Цветы и королевская милость
Комнатные цветы — порождение буржуазной эпохи, как и сервировка стола или иллюстрированные журналы. Все эти обычаи подразумевают, что эстетическое уже не внедрено в образ жизни как некоторый неизбежный его эффект, как красота или достоинство труда, или сословная честь, или профессиональное достоинство. Напротив, требуется как бы некоторая эстетическая подготовка к профессиональному действию: сначала рассмотреть картинку, потом начать читать текст; сначала полить цветы, а после приняться за работу.
Появляется созерцание, которое соотносит тебя и твое тело с прежними обычаями высокопоставленных лиц: дворцовая галерея, театр, райские парки для королевских прогулок, сокровищницы. Дело не в том, что дворцовые обычаи вместе с сервизами и люстрами переходят в скромные буржуазные дома; а в том, что речевых, риторических средств уже недостаточно, чтобы утверждать собственное достоинство. Уже нельзя просто одним перформативным «я» заявить о своих правах, заявить, что ты хозяин в своем доме, маленький монарх.
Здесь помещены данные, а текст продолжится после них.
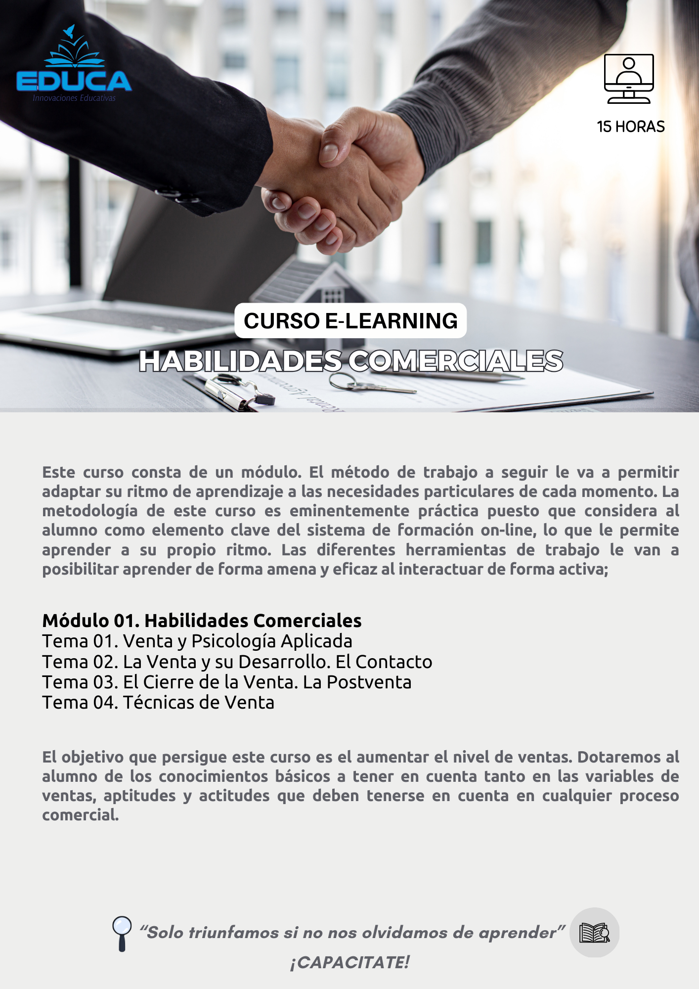 Este curso brinda una formación integral para desarrollar competencias clave en el área comercial, desde la identificación de oportunidades hasta el cierre efectivo de ventas. Los participantes aprenderán técnicas de prospección, comunicación persuasiva, negociación, manejo de objeciones y construcción de relaciones sólidas con los clientes.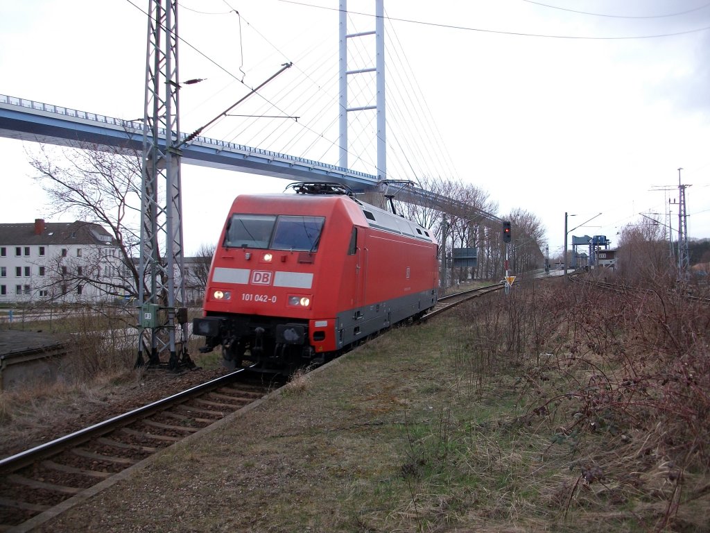 Erst brachte 101 042 am 09.April 2010 den IC 2212 aus Koblenz bis nach Binz.Ein paar Stunden später kam Sie als Lz von Binz nach Stralsund durch den Bahnhof Stralsund Rügendamm gefahren.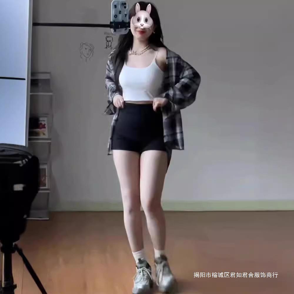 黒い腰の高いギャルの外には、スリムなショートパンツを着ています。
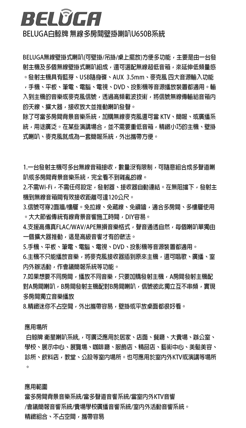 BELUGA白鯨牌 U650B 無線壁掛音響喇叭美聲組

Напротив, суетливая жизнь обступает тебя со всех сторон, и чувственность, мгновенная экстатическая захваченность тем же запахом цветов, заменяет здесь риторику слова и жеста.
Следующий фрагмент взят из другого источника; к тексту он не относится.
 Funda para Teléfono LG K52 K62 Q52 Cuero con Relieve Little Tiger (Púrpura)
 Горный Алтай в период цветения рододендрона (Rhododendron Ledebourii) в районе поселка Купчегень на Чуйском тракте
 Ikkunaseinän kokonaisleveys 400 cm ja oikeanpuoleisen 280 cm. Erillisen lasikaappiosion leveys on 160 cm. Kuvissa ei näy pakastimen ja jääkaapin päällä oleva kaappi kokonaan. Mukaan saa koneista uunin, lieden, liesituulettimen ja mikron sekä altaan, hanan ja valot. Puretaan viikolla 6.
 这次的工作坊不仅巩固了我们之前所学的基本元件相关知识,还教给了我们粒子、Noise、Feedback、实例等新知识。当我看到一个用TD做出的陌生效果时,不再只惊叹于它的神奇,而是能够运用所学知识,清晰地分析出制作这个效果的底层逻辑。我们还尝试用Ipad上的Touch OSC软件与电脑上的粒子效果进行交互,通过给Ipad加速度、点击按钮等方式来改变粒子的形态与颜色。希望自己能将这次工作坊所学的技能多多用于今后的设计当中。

Ты становишься хозяином тогда, когда цветок на подоконнике как бы относит тебя запахом в область самодостаточной царственной телесности, как до этого делала это сказка с яркими иллюстрациями в книжке, тоже возвращая и принося тебя в мир королей. Маленькие зимние сады на подоконнике и детские комнаты с куклами и игрушками — итог единого развития такого переживания мнимой телесности, без которого невозможно обрести и настоящую взрослую телесность, пройти через кризисы взросления и старения.
В книге Ольги Кушлиной «Страстоцвет, или Петербургские подоконники», которую мы уже цитировали в одной из предыдущих колонок, показано, как жизнестроительство эпохи символизма программируется не путешествиями, приключениями и другими перипетиями. Чтобы быть дионисийским, или демоническим, или человеком новейшего завета, не требовалось покидать квартиру. Противоречие между репутацией поэта и его обликом часто бросалось в глаза мемуаристу: никакой особой ярости и безумия, но много домашних вполне уютных привычек Валерия Брюсова или Вячеслава Иванова.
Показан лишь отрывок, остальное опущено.